De lo contrario, llamaré a seguridad —Harold se paró frente a Cierra y dijo fríamente.
—¿Quiere que me vaya?
Señor Bernard-Barton, ¿está equivocado?
—preguntó Kendra con incredulidad.
—Ustedes son los que están provocando problemas.
También son ustedes los que están haciendo alboroto aquí.
¿Por qué debería sacar a alguien?
—Harold continuó con actitud neutral.
No solo Kendra, sino también los invitados que observaban el espectáculo quedaron atónitos.
Después de todo, a quien le salpicaron vino tinto era la hija de la familia Riley.
Aunque la familia Riley no era una familia de alto nivel, tenían muchas industrias, y ahora estaban conectados con la familia Trevino.
En cuanto a la hija adoptiva que fue expulsada por la familia Boyle, ¿qué antecedentes podría tener?
¿Podría ser que el Sr.
Barton estuviera enojado con semejante mujer?
Pero Cierra estaba protegida.
Kendra no estaba dispuesta a ser expulsada así.
¡Era demasiado vergonzoso!
Apretó los dientes y dijo con rectitud:
—Puedo irme.
Después de todo, este asunto fue causado por mí.
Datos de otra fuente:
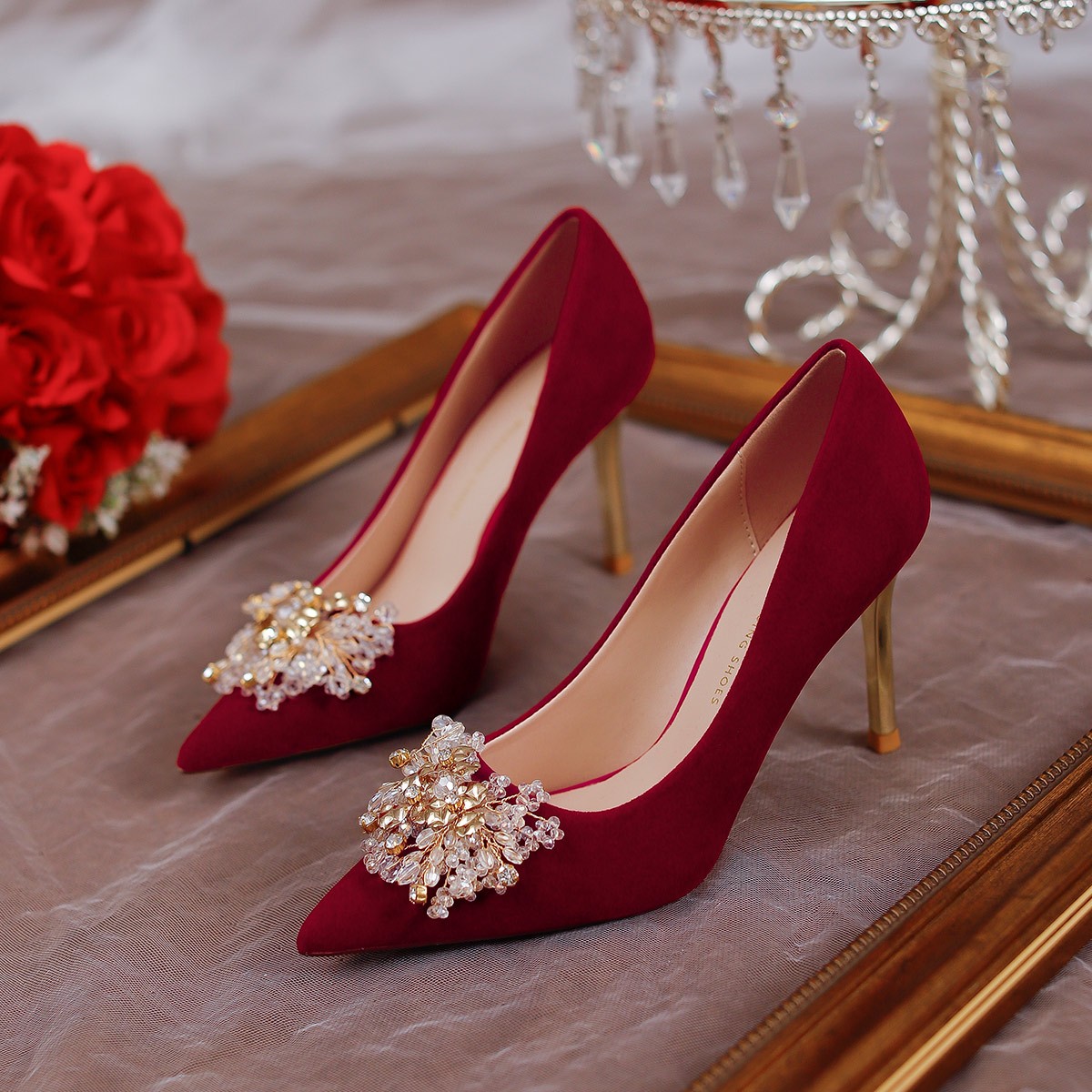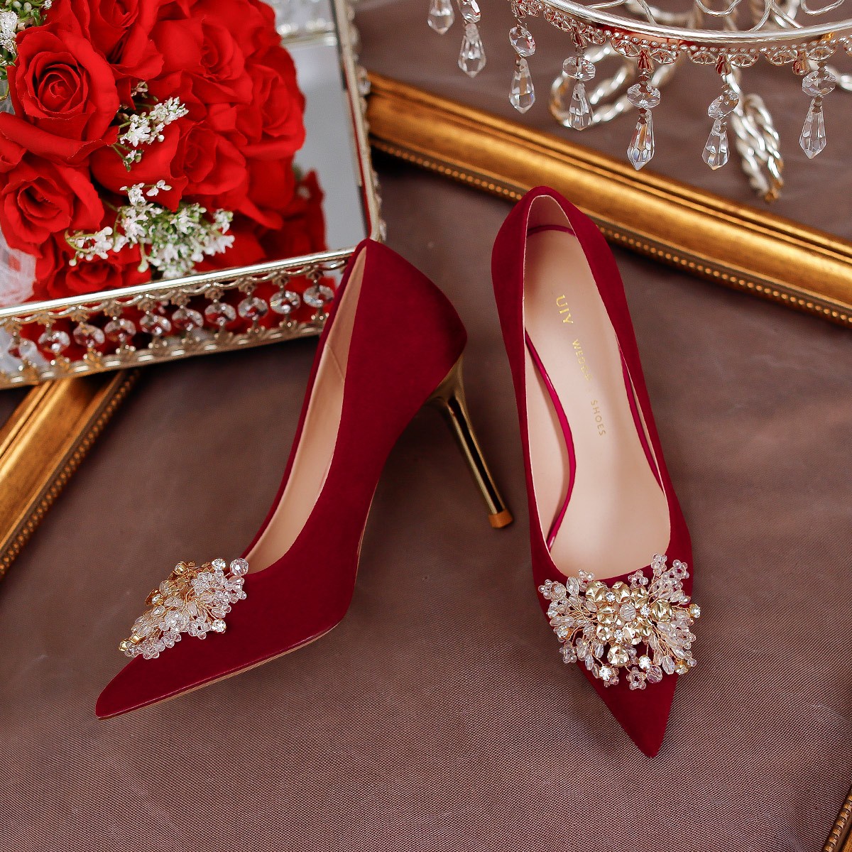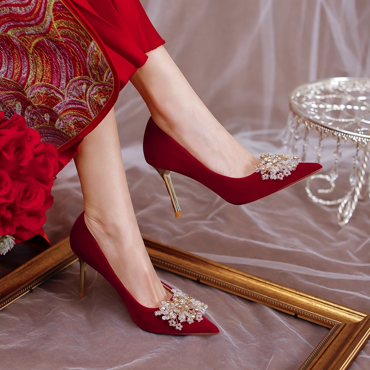 高级感婚鞋新娘鞋2024新款秋红色高跟鞋秀禾结婚鞋婚纱两穿不累脚
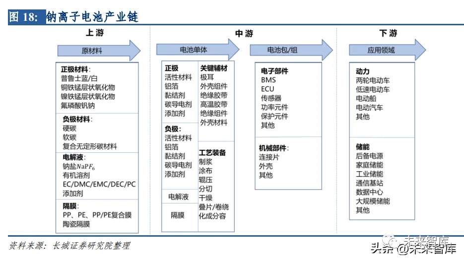 钠离子电池产业链结构与锂离子电池相似,但产业布局还处于初级阶段,尚无大规模电 力系统储能项目开工建设。与锂离子电池相比,钠离子电池原材料丰富,综合成本降低 约 20%,但电池能量密度较低,产业链配套尚不完善,因此发展趋势主要集中在能量密 度提升以及通过产业链建设降低成本两个方面。铅炭电池在传统铅酸电池的负极活性物质中加入碳添加剂,全面提升了传统铅酸电池的 性能表现,同时由于较低的成本,使其在规模化电力储能方面又赢得新的发展机会。未 来的铅炭电池技术发展将集中在副反应控制、铅炭电极在充放电过程中的结构转变以及 铅炭电池的最终失效模式上。随着它的性能改进提升,铅炭电池仍可能有所作为。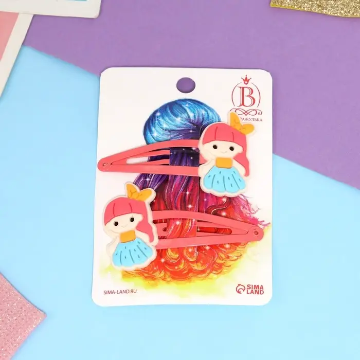 Невидимка для волос "Адель" (набор 2 шт) крошка, 5,5 см, красный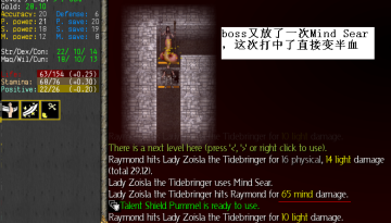 就借着这机会讨论一下非S/L的话题,ToME4是一个充满的随机要素的游戏,多种因素在一个大概固定的范围内波动,比如地形和怪物生成的种类和位置,这些因素在很小的概率下可能全部对玩家不利,因此最安全的打法也可能会出现死亡的情况。这就是roguelike单命模式极度困难的原因,有限命的话像这种情况死了就死了,关键是要避免因为自己犯错导致死亡,一次完整的游戏这种情况不会出现很多次,这次也并没有死。
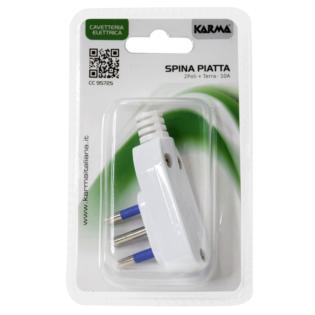 Spina 2P+T da 10A al quale è possibile giuntare un normale cavo elettrico a 3 fili.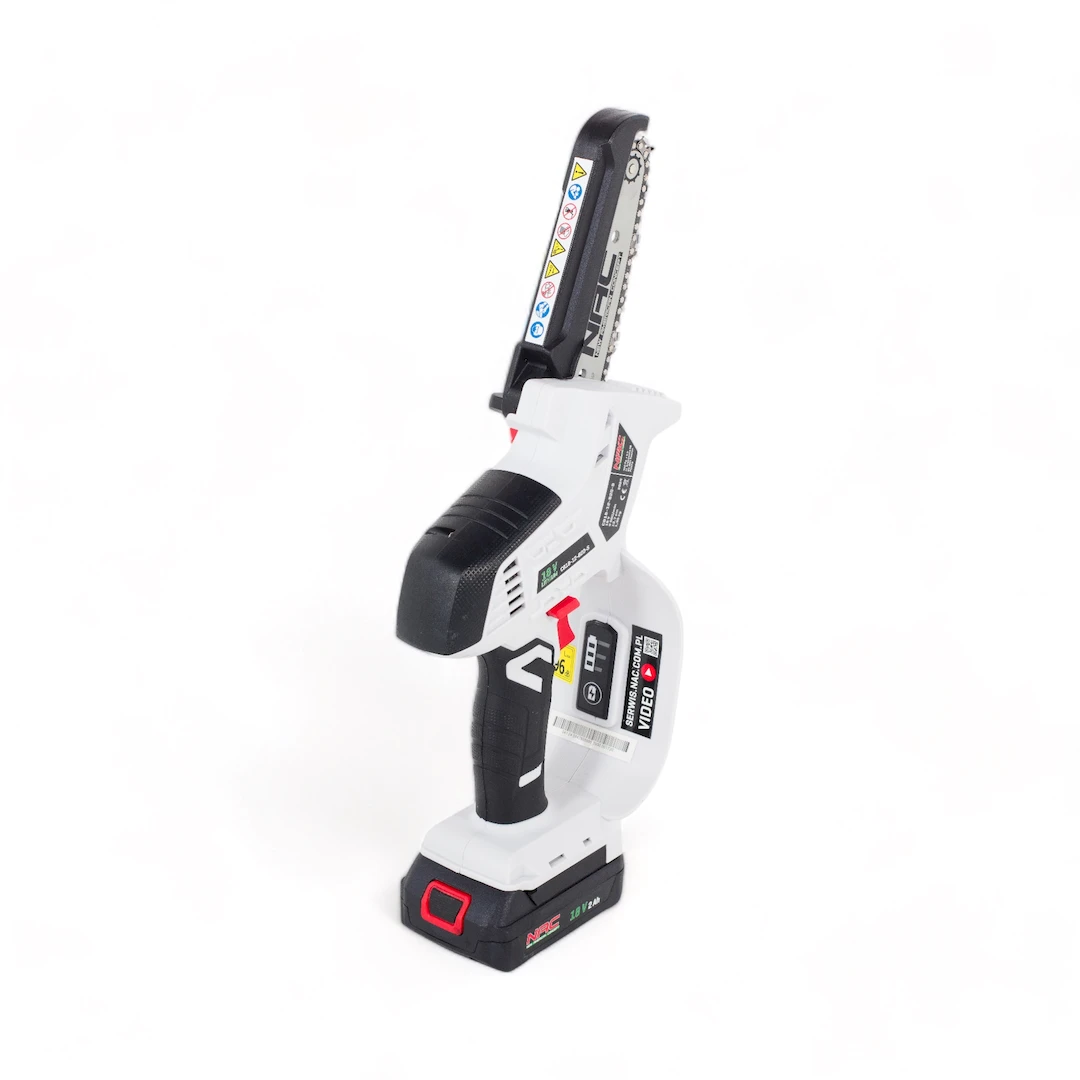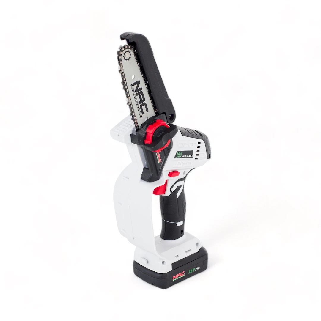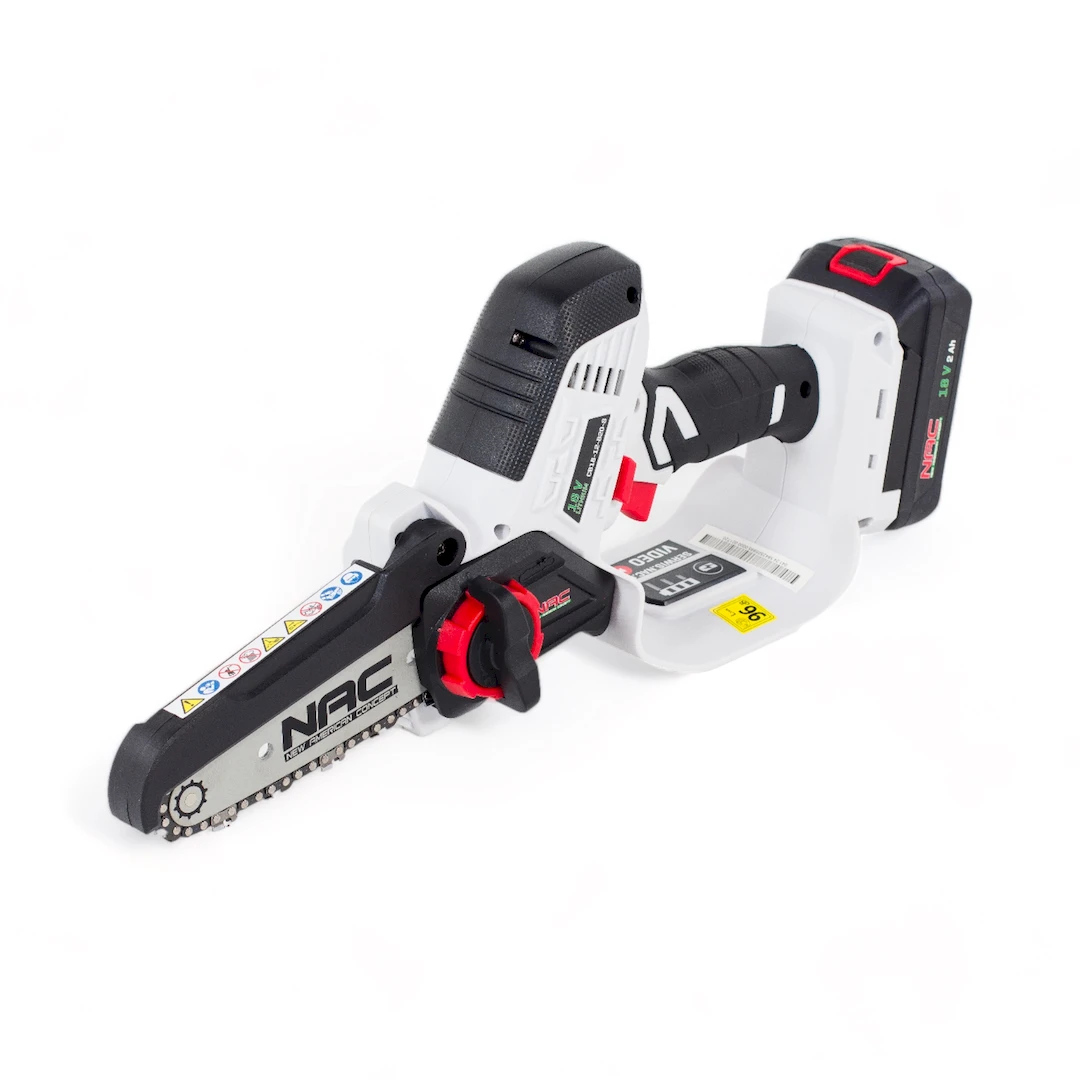 Piła akumulatorowa marki NAC. Kompaktowe wszechstronne narzędzie, które idealnie sprawdzi się przy pielęgnacji drzew i krzewów w każdym ogrodzie. Dzięki zasilaniu akumulatorem, zapewnia mobilność i swobodę działania bez konieczności podłączania do źródła prądu, co czyni ją idealnym rozwiązaniem do prac na terenach bez dostępu do elektryczności. Jej lekka i niewielka konstrukcja ułatwia pracę w trudno dostępnych miejscach, np. podczas przycinania drobnych gałęzi.

Pero Cierra también hizo algo mal.
¡Solo dijimos unas pocas palabras y ella atacó directamente!
El significado de sus palabras era que el comportamiento de Cierra era aún más grave.
Ella podía abandonar el banquete, ¡y Cierra también debería salir!
Sorprendentemente, Cierra siguió sus palabras y dijo:
—Efectivamente, yo estaba equivocada.
No solo la gente a su alrededor, sino incluso Kendra la miró de repente.
—Ya que la Srta.
Boyle también piensa que está equivocada, ¿por qué no…
Antes de que el resto de las palabras salieran de su boca, fue interrumpida por Cierra con voz clara.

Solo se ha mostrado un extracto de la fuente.